Two Different Illustrations of Trig Ratios Tangent, Cotangent, Secant, Cosecant in terms of Unit Circle

[jpanknin]

I keep seeing two different ways to represent the tangent, cotangent, secant, and cosecant in terms of the unit circle (image attached). Is there any benefit to using one vs. the other? Or any reason for having two different representations?

 

[blamocur]

They look identical to me, but personally I find the second one slightly more "natural".

 

[Dr.Peterson]

I keep seeing two different ways to represent the tangent, cotangent, secant, and cosecant in terms of the unit circle (image attached). Is there any benefit to using one vs. the other? Or any reason for having two different representations?

The second is more like what I've used, but the way you drew it, it doesn't represent the secant and cosecant very well. (Your colored lines are in the wrong places, and the overlapping of the two segments is awkward.)

I myself don't generally try to fit all six functions into the same picture, but just show what sin, tan, and sec mean geometrically (as in the second picture), and then the cofunctions are just the same things applied to the complement. (The fact that the cosine easily fits into the same picture does make it tempting to include them all, though.) I also don't think knowing the etymology of the functions helps much in learning them, and likewise the pictures seem less useful than the definitions themselves.

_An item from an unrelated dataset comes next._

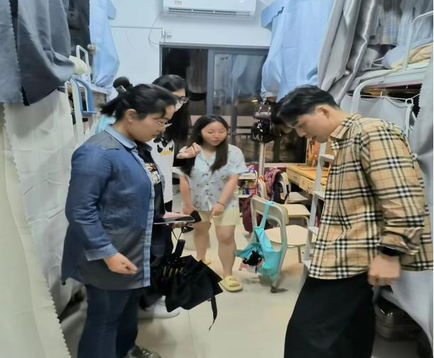 为了加强校园安全管理,提高大学生的消防安全意识,营造整洁、文明的宿舍环境,6月5日,经济管理系学生支部书记黄锹带领辅导员深入学生宿舍,在端午节前开展了消防安全检查和文明宿舍评选检查工作。

But the existence of these two representations (and others) is about as significant as the fact that one can describe the same concept in different words (that is, not at all). I'm not sure that any of these was drawn when the terms were first devised; but then, historical precedence wouldn't make that drawing necessarily better anyway.

 

[jpanknin]

Yeah, it gets a little messy with the secant and cosecant overlapping. I was just wondering if one approach was more conducive to one type of problem and vice versa, but you answered that @Dr.Peterson. Thanks for the help.